Acceptance of Deposits

Under Section 73 of the Bill, companies other than banking companies and NBFCs, are prohibited from accepting deposits from public. Deposits from members may, however, be accepted, subject to passing of a resolution in a general meeting, and rules prescribed in this regard by the Central Government (which shall be framed in consultation with the RBI). Acceptance of such deposits shall be subject to fulfillment of the following further conditions by the Company -

(a) issuance of a circular to its members including therein a statement showing the financial position of the company, the credit rating obtained, the total number of depositors and the amount due towards deposits in respect of any previous deposits accepted by the company and any other details prescribed in the rules;

(b) filing a copy of the circular along with such statement with the Registrar within thirty days before the date of issue of the circular;

(c) depositing such sum which shall not be less than fifteen per cent of the amount of its deposits maturing during a financial year and the financial year next following and kept in a scheduled bank in a separate bank account to be called as deposit repayment reserve account;

(d) providing such deposit insurance in the manner and to the extent prescribed in the rules;

(e) certifying that the company has not committed any default in the repayment of deposits accepted or payment of interest on such deposits; and

(f) providing security, if any for the due repayment of the amount of deposit or the interest thereon including the creation of such charge on the property or assets of the company:

Corporate Social Responsibility

...the Bill does not provide the exemptions currently available under the Companies Act, 1956 in relation to investments/loans to be made by a company...

The Companies Bill, 2012 mandates certain classes of companies to invest at least 2 percent of average net profits towards corporate social responsibility initiatives. The above mentioned provision shall be applicable on companies having net worth of '500 crore or more, or turnover of '1000 crore or more or a net profit of '5 crore or more during any financial year.
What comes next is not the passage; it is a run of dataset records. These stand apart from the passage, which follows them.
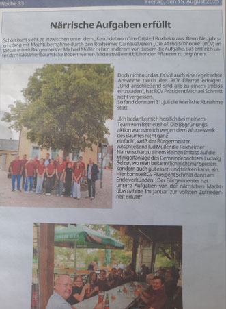 Kurz vor Ende der 5.Jahreszeit veranstaltet der RCV wieder die Schnookewoog in der Chorvereinigung Bobenheim-Roxheim. Die Veranstaltung beginnt um 11:11Uhr. Der gesammelte Erlös der Woog wird wie immer für einen gemeinnützigen Zweck gespendet. Für das leibliche Wohl ist natürlich gesorgt.
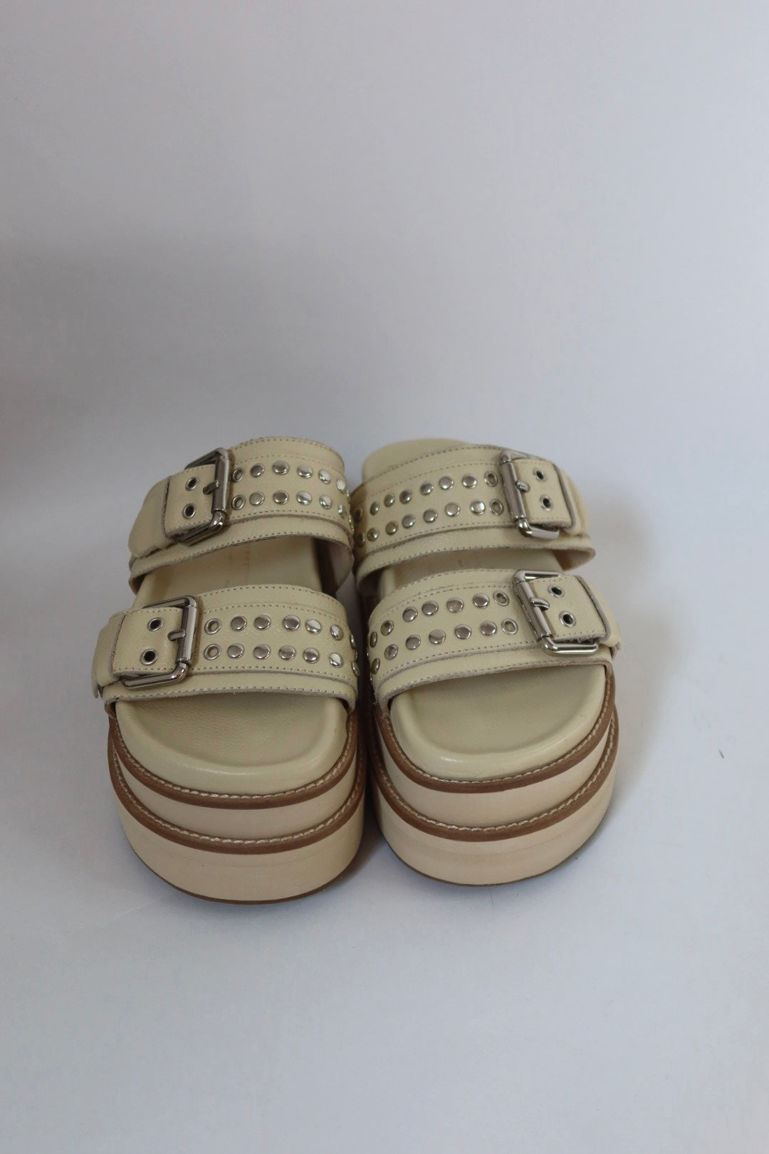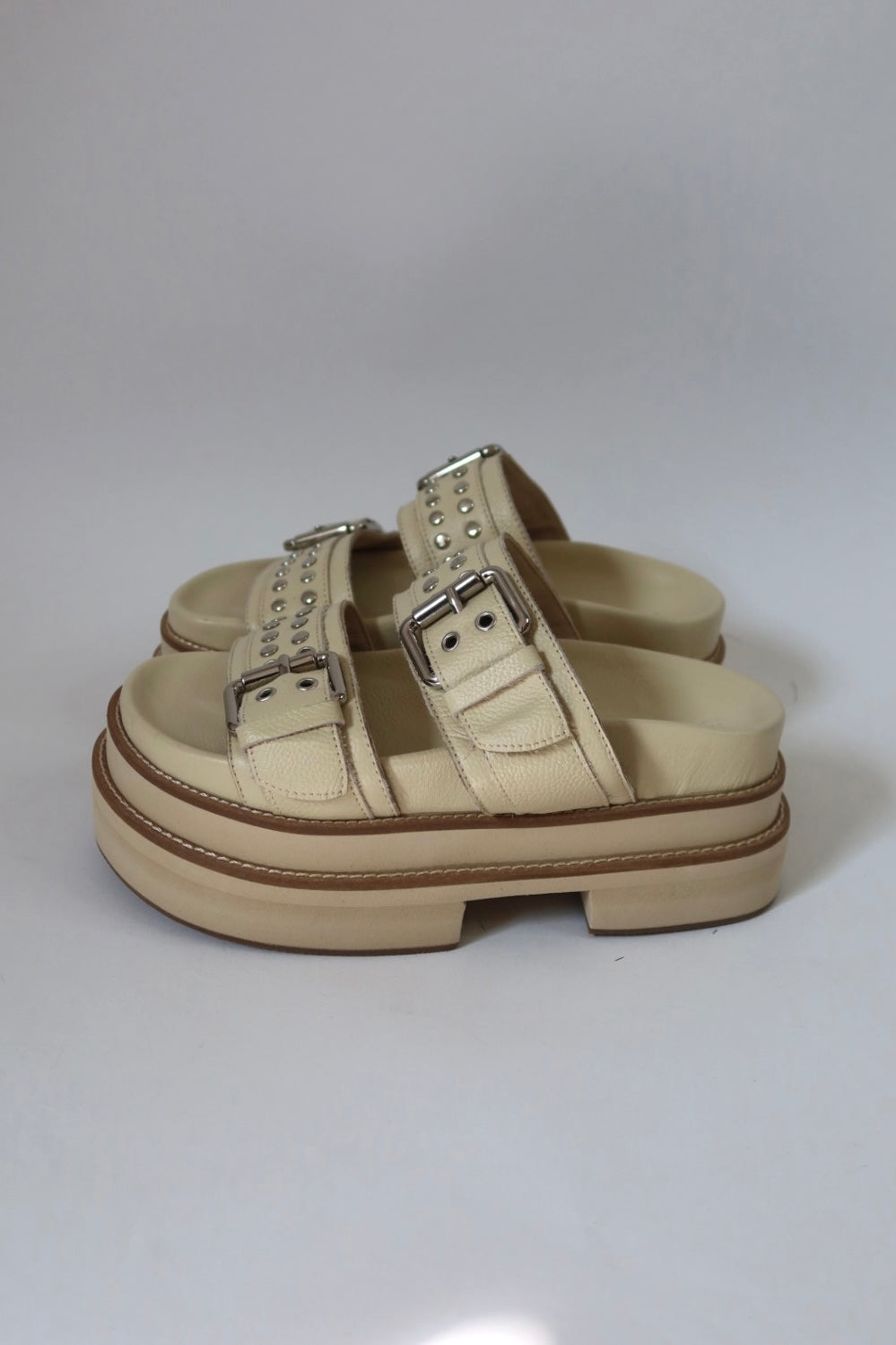 Sandalias de plataforma en 6cm y capellada 100% cuero textura floater.
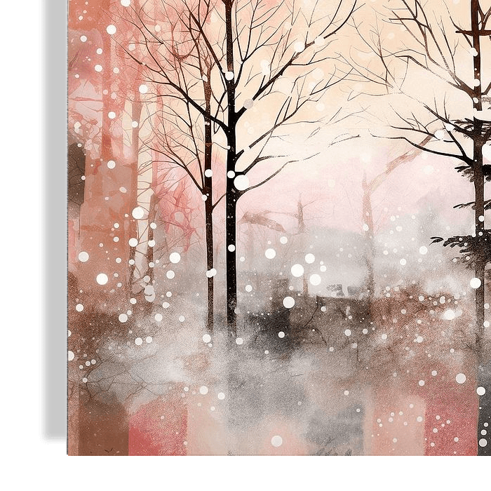 Een verstild winterlandschap, waarin de naaktheid van de bomen schril afsteekt tegen een zachte, roze getinte lucht. De bomen, met hun bladerloze takken, roepen een gevoel van kalmte en verstilling op. Sneeuwvlokken lijken te dwarrelen in de lucht, waardoor de scène een textuur van koude maar serene schoonheid krijgt. De silhouetten van…
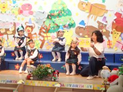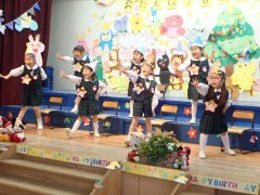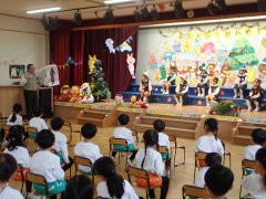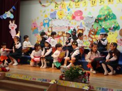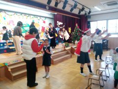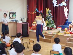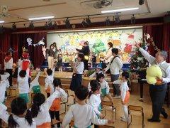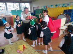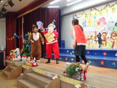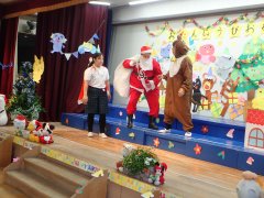 先生の出し物ではお誕生児さんも参加して、みんなでクリスマスプレゼントをいただきましたよ。
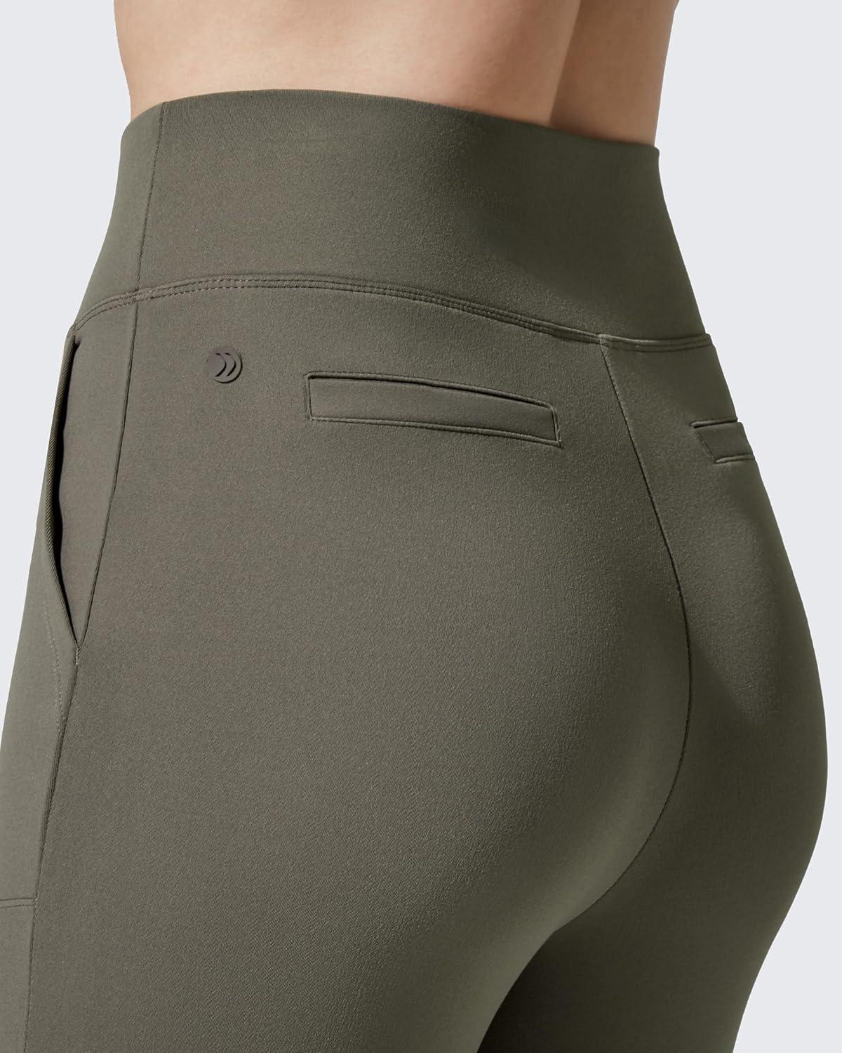 G4Free Barefeel Women’s Fleece Lined Flare Yoga Pants Winter Thermal High Waist Leggings with Pockets(Dark Taupe)
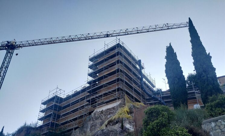 Concluida esa parte de la obra, ya se está instalando el andamio para empezar a trabajar en el jardín de la Judería vieja para, desde ahí, afrontar la rehabilitación del otro lado del Baluarte de los Pozos.
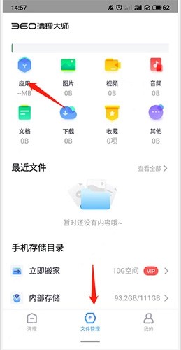 1、点击清理大师的文件管理界面,呈现应用、图片等文件分类,可查看手机存储目录情况。
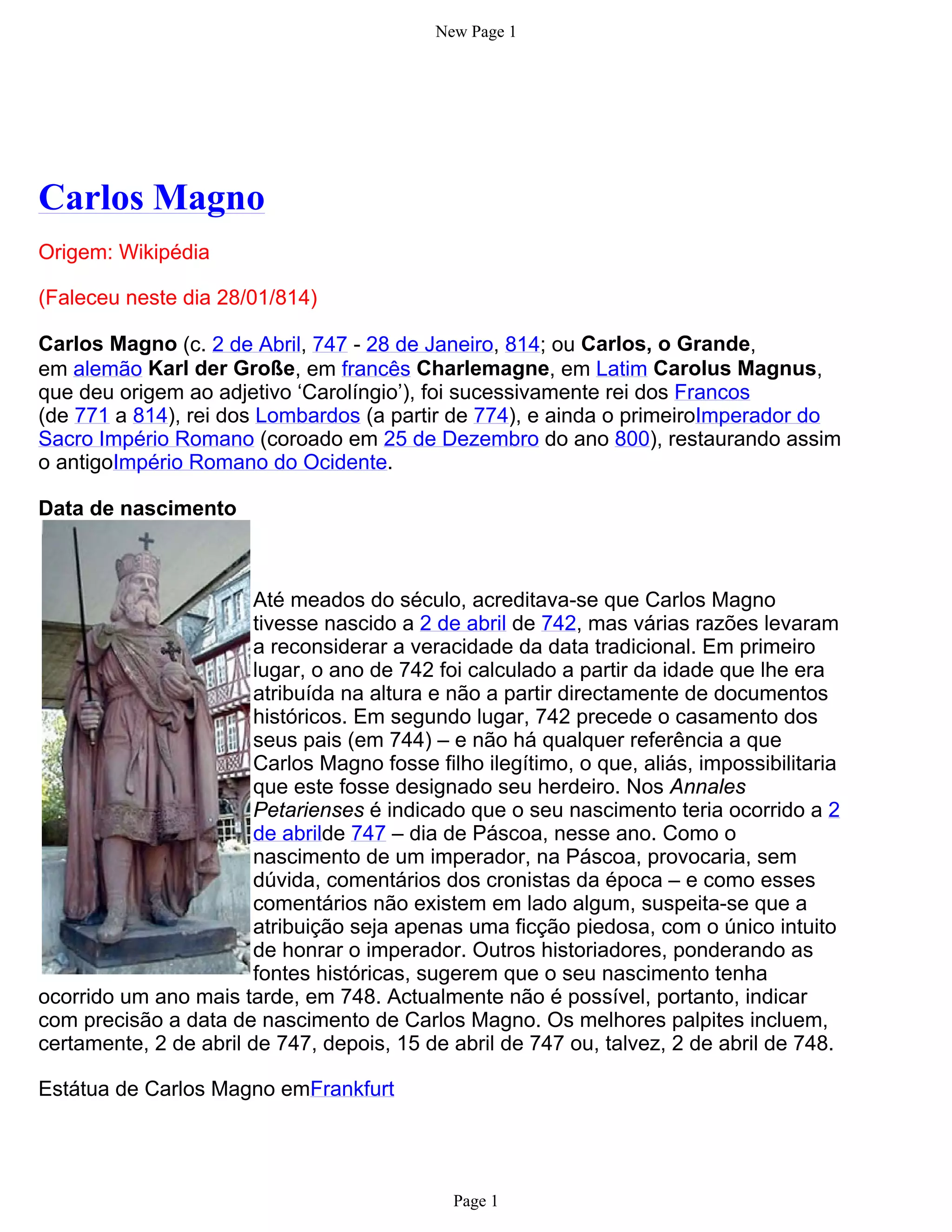 Carlos Magno foi um rei franco que unificou grande parte da Europa Ocidental no século 8. Ele foi coroado o primeiro imperador do Sacro Império Romano em 800. Carlos Magno promoveu reformas na educação e no sistema monetário para fortalecer seu império. Ele teve muitos filhos de seus casamentos e concubinas que ajudaram a expandir sua dinastia.
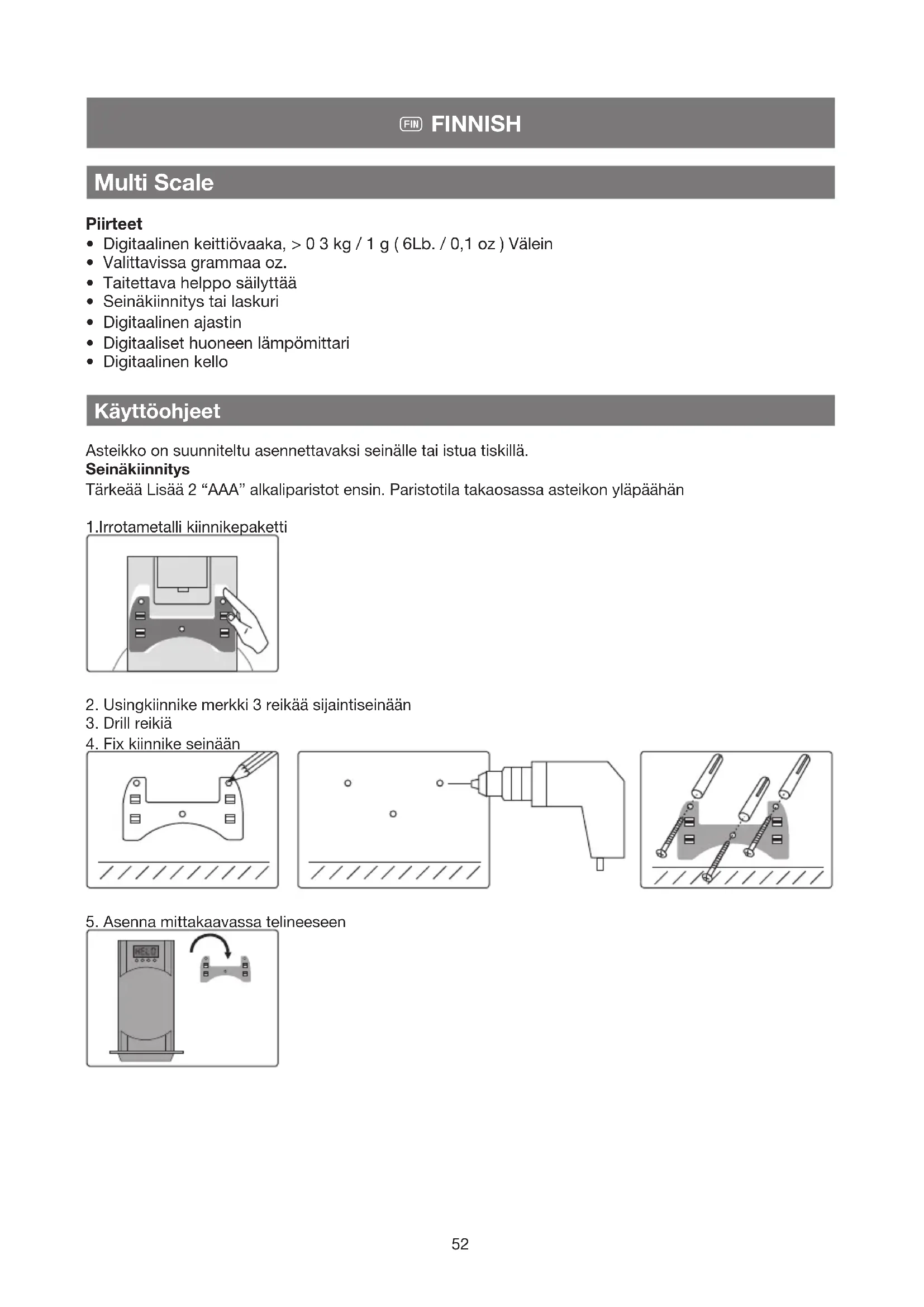 - Digitaalinen kello Käyttöohjeet Asteikko on suunniteltu asennettavaksi seinälle tai istua tiskillä. Seinäkiinnitys Tärkeää Lisää 2 “AAA” alkaliparistot ensin. Paristotila takaosassa asteikon yläpäähän 1.Irrotametalli kiinnikepaketti
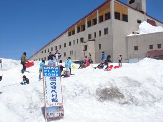 室堂ターミナル(2450m)は大きな建物でホテル立山も併設されています。近くには雪のすべり台があり子供たちが無邪気に遊んでいました。ほほ笑ましい光景です。
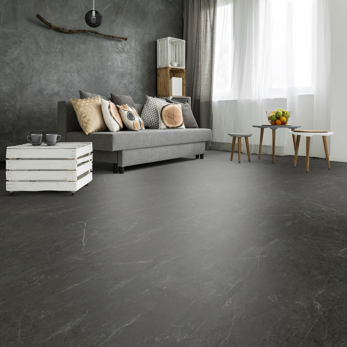 A Domino Graboplast SPC Compact fekete Anne márvány vinyl padló időtálló megoldás, amely egyszerre biztosít elegáns megjelenést, kényelmet és hosszú távú megbízhatóságot.
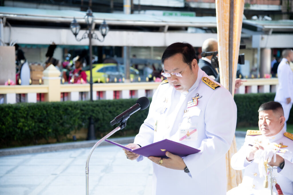 Lieutenant General Chainarong Kitrungrojcharoen,, Vice President of the University Council, acting on behalf of the President of the Council, delivered a speech stating, “On behalf of the University Council of Rajamangala University of Technology Phra Nakhon, we are profoundly grateful for His Serene Highness’s gracious presence in presiding over the opening of the Monument Plaza of His Royal Highness Prince Rabi of Ratchaburi (Krom Luang Ratchaburi Direkrit) and inaugurating the Royal Celebration Project in honor of His Majesty King Vajiravudh (King Rama VI) and Her Royal Highness Princess Petcharat Rajasuda Sirisopaphannawadee. This occasion is a great honor for Rajamangala University of Technology Phra Nakhon and a mark of immense royal benevolence toward the university’s administrators, faculty, staff, and students.”
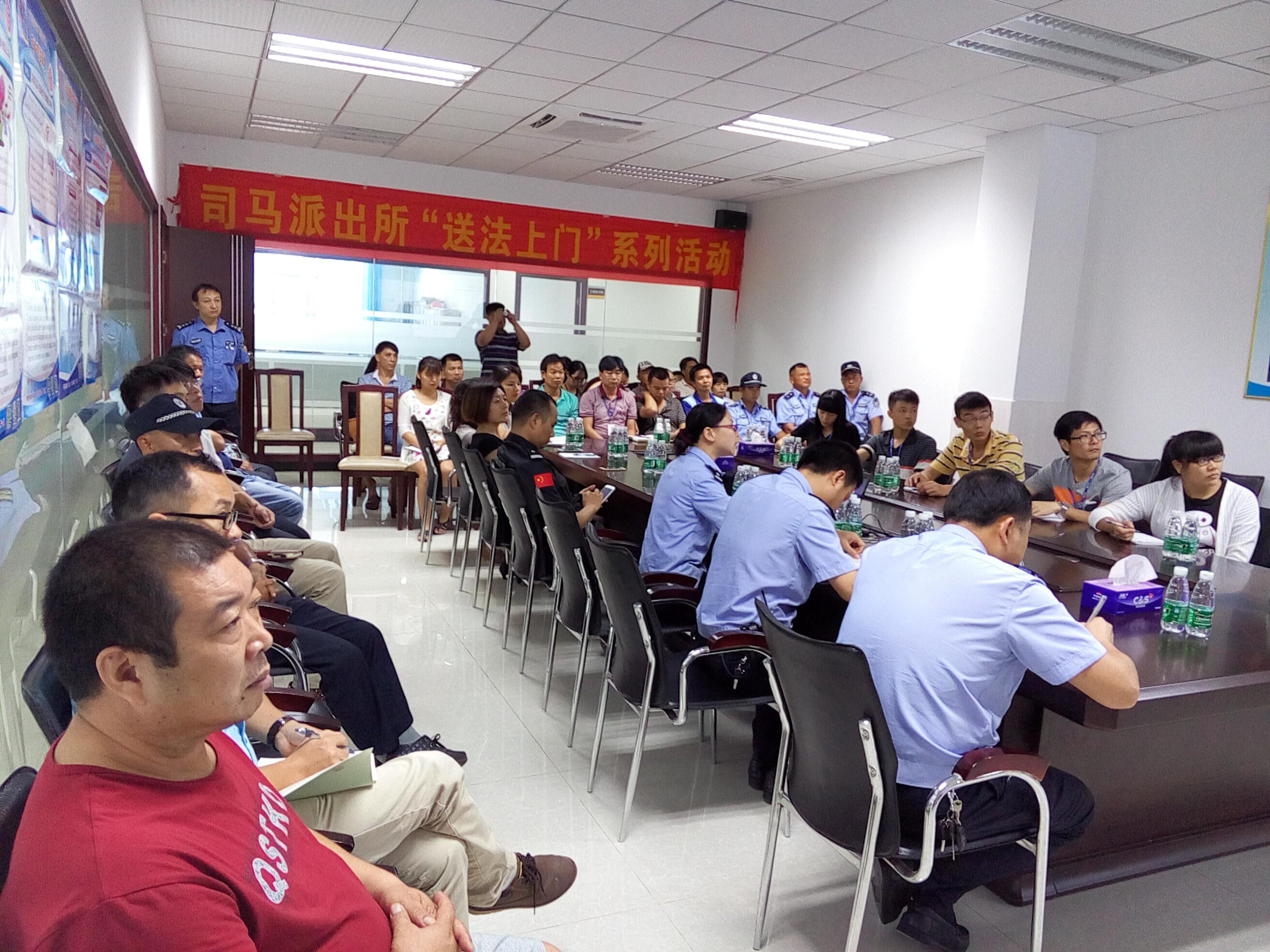为进一步提高常平环保基地工业园内员工与入驻企业员工的安全防范意识,8月6日,我司积极响应常平司马派出所号召,在荣津公司办公楼召开了一场常平司马派出所“送法上门”活动讲座。该场题为《守法用法,保护自己》的讲座由常平司马派出所警长兼副书记彭锦达主持,法制科陈茂新主任和胡继东教导员也应邀出席。
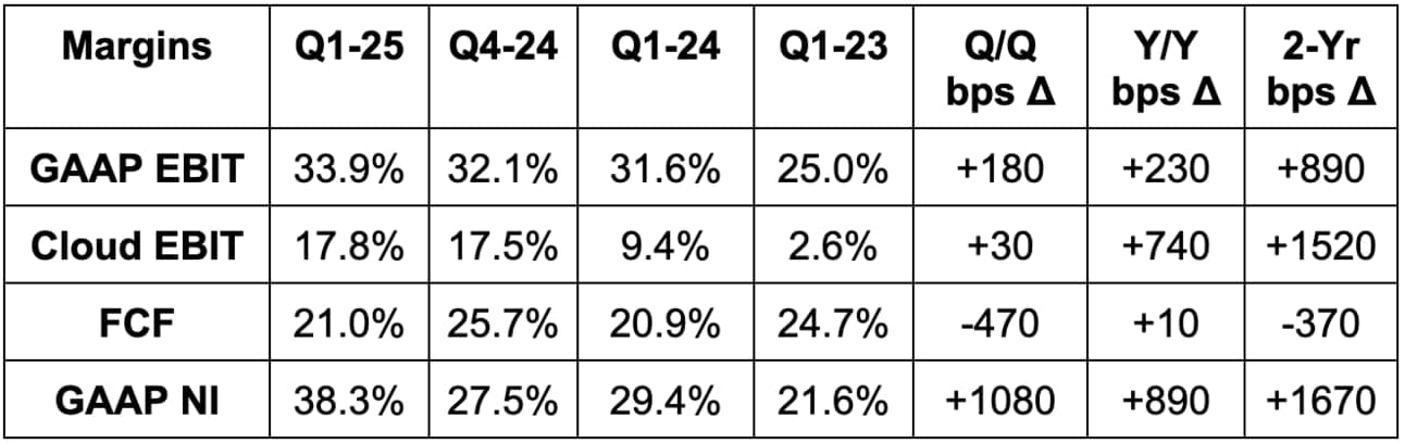 - 1.9% Y/Y share dilution. Announced a new $70B buyback program (3.5% of the market cap).

Further, such companies are also required to constitute a Corporate Social Responsibility Committee of the board which shall consist of three (3) or more directors, out of which at least one (1) director shall be an independent director. Such committee shall formulate a corporate social responsibility policy.

Apart from the above mentioned corporate governance related amendments, the Companies Bill, 2012 has introduced a significant number of provisions which will change the way companies function and govern themselves.

The Bill has also provided for a lot of matters including private placements, corporate loans and investments and M&A which will be further administered via rules to be notified by the Central Government, which may make this new law dynamic.

Disclaimer – The views expressed in this article are the personal views of the author and are purely informative in nature.